Sometimes I'll visualize dreamscapes that are purely imagined.

And all this goes through my head in under 10 seconds. Forcing myself to focus on bottom-up reasoning is what gives me a headache. It's like trying to use a boomerang as a spear.

So yeah, hyperfocussing on somebody else's sexual fantasy is like work. I don't do it for just anybody. Again, it's easier to shut all that thought-babble off if I just shut it ALL off and focus on the sensation.

*caps are for emphasis. Bold and italics aren't working for some reason.

Posts: 689
Turncoat

There isn't much anymore.

I did all that stuff when I was young. Mind games and drama don't appeal to me much now. I'm a feeler, remember? Too much mental shit leaves me tired and headachey, especially if there's no point.

I'll see it through if there's a point, but it's too much like work for me. Thinking is for school or work that I'm getting paid for.

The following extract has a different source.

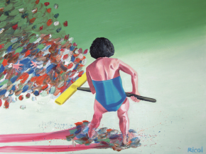 L’œuvre de Raphaëlle Ricol me semble fonctionner comme un “exorcisme par ruse”, ainsi qu’Henri Michaux qualifiait ses poèmes. Le grotesque et l’ob-scène, ce qui se trouve derrière la scène, font saillie au cœur de tableaux aux sujets déroutants : une gueule de serpent jaillit d’un buste humain, un homme est expulsé par une “tête pubienne”, une femme en maillot astique énergiquement le pas de sa porte, en un geste que l’on devine destructeur, pour “faire le vide”, probablement. En d’autres tableaux, des personnages mutants nous tournent le dos, dont les membres assemblés, de provenances multiples, décrivent une identité incertaine, morcelée…

I like mindless stimulation to get off. The costumes and roleplaying are just window dressing for my partner's amusement.

Really. That stuff doesn't add much to the experience for me. It's like tapdancing for a hotdog. lol. Why would I if I can just reach into the fridge?

Posts: 689
Turncoat

Strange that you would see a desire to not waste my strength on frivolities like sex as a weakness. I thought you were more flexible than that.

 Money is worth working for. My kids are worth working for. Learning another language, a satisfying mission to build homes for flood victims, studying to build a career is worth working for.

Sex just isn't that important to me. Especially since mindblowing orgasms come easy to me.

You're wired how you're wired and you need all that stuff to get the sensory experience. It's good that you've turned it into a positive instead of a curse.

But we're not all you. I cum hard and long and hit multiple orgasms with minimal stimulation.

If anything, overthinking it lessens the experience. Like I said, it's like being asked to sing and dance for my meal. I only bother if my partner's special enough to deserve the entertainment. And it certainly doesn't make my food taste any better.

*I can make my partner hurt without forcing my anger out, tho.